A few notes bear mentioning. First, while attention has focused in particular on Vemuri’s anti-Israel message, the viewpoint of her speech should ultimately be immaterial to MIT’s response. Had Vemuri used her address to advocate for the destruction of Hamas and the open-ended occupation of Palestine, criticism would have come from the opposite direction, but the fundamentals would have been the same. The issue is not the views being expressed; it’s the speaker misleading the institute and exploiting their privileged position to deliver a political broadside at a traditional university ceremony. MIT cannot premise its actions here on the speakers’ views if it wishes to apply its policies in a principled and consistent manner.
 
Second, we note that MIT framed its action against Vemuri as a response to her violating MIT’s rules on “time, place, and manner.” MIT’s guidelines, issued and revised largely in response to the large protests and demonstrations that were common at MIT after the October 7 attacks in Israel, have figured heavily in campus free speech controversies over the past two years, and we’ve commented on them frequently. Many protests and demonstrations, while politically charged, complied with MIT’s regulations. Others, such as the occupation of Lobby 7 and the encampment on the Kresge Oval, clearly did not. 
 
Vemuri’s address is, on some level, an atypical application of these guidelines due to the unique nature of commencement. Nevertheless, it’s understandably MIT’s position that commencement is neither the time nor the place for a diatribe against Israel and a condemnation of the Institute. Vemuri’s address, at the least, violated the spirit of the regulations, and MIT had every right to strip her of her remaining duties in response. Barring Vemuri entirely from the undergraduate ceremony is potentially another matter. It’s not clear that MIT held this out as an explicit potential consequence to student speakers; if MIT wasn’t explicit about that before, it should be now.
 
What does seem clear, though, is that MIT judged this a sufficient enough violation that it could take the action it did without initiating the disciplinary process. This brings us to our final point: MIT has not apparently delayed the receipt of Vemuri’s degree, meaning that there is presumably no open disciplinary action against Vemuri and that she has graduated from the Institute. Many have criticized MIT for this, but that’s ultimately the university’s prerogative. 
 
A contrasting example is how New York University responded to a similar controversy this spring, when a student speaker, similarly to Vemuri, deviated from his agreed-upon remarks to condemn the war in Gaza. Though his treatment of the subject was apparently briefer than Vemuri’s, NYU condemned his remarks, and a spokesman stated that “[t]he University is withholding his diploma while we pursue disciplinary actions.” Many have called on MIT to do the same, though it’s unclear the precise grounds on which NYU pursued its disciplinary charges. 
 
There are lessons for MIT to learn for the future.
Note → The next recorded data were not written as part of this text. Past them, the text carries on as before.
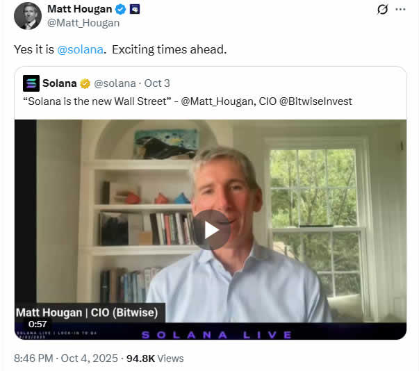 Это не первый раз, когда руководители Bitwise выражают оптимизм в отношении Solana (SOL). Выступая на конференции Token2049 в Сингапуре на прошлой неделе, генеральный директор Bitwise Хантер Хорсли заявил, что Solana может получить преимущество перед Ethereum на рынке обменных фондов (ETF), ссылаясь на её дизайн, который более привлекателен для инвесторов.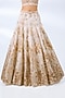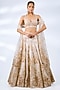 Featuring an ivory lehenga in organza base with gold, floral applique and motif embroidery. It is paired with an embroidered halter blouse and an embroidered dupatta. Accentuate it with swarovski or zircon jewellery, embellished heels and a clutch for a cocktail look, Perfect wear for a wedding, cocktail or sangeet ceremony.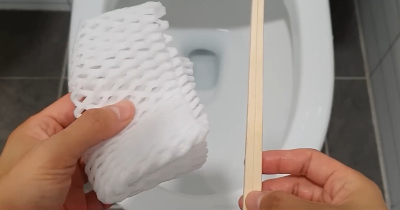 과일망은 탄성이 있고 표면이 오돌토돌해 마찰력이 좋다. 이 특징을 활용하면 변기 안쪽 굴곡진 부분을 닦는 데 효과적이다. 준비물은 과일망과 나무젓가락 한 벌이면 충분하다.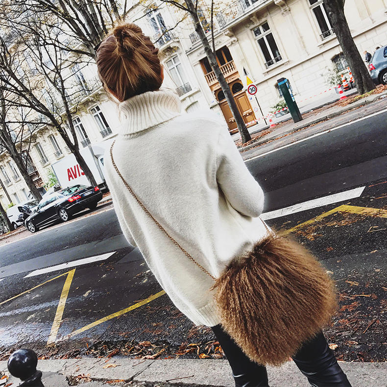 两边开叉不规则高领毛衣设计上相对还是比较俏皮的,没有以往毛衣的古板,更添了一些新意,搭配纱裙,少女感满满。满足了大众少女心的搭配呢。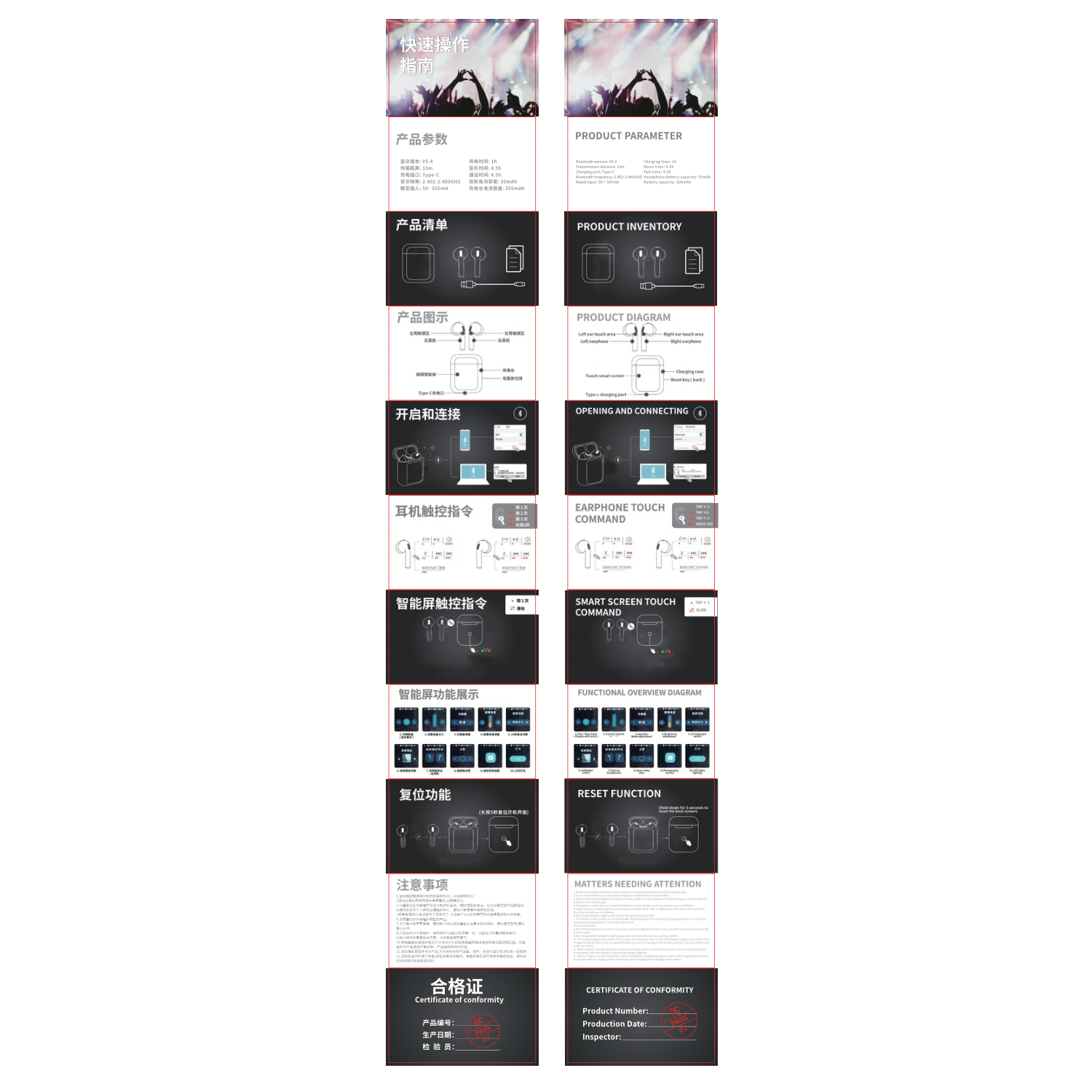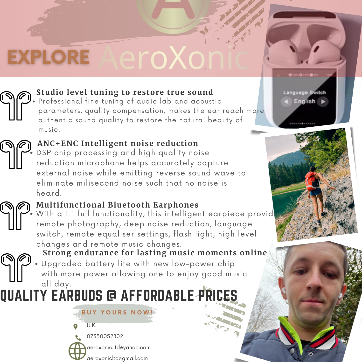 A2 PRO, Wireless Earbud, 5.4 Bluetooth Headphone with Stereo Sound, Environmental & Active Noise Cancellation, USB-C Charging, Touch Smart Screen, 300mAh High Capacity Battery, IPX5

If it wasn’t already clear about the potential consequences for flouting one’s role in its commencement proceedings, it should be now, and this outcome should be explicitly held out as a possibility for future participants. It should reaffirm its commitment to free expression in all other areas of university life, and enforce its time, place, and manner regulations fairly and consistently so as not to appear partial. It should examine those instances in which it failed to abide by its free speech obligations, such as with its wrongful suppression of the Written Revolution publication last year (a publication for which, incidentally, Megha Vemuri was one of the editors).
 
We don’t wish to see the range of acceptable opinion narrowed at MIT; opposition to that mindset, after all, is a major part of why MFSA was founded. Students have the right to criticize Israel and MIT, as well they should. But MIT also has the right to determine how it wants itself presented at its commencement, and we agree with MIT that its commencement ceremony is best seen as an opportunity to unite, rather than divide, the community.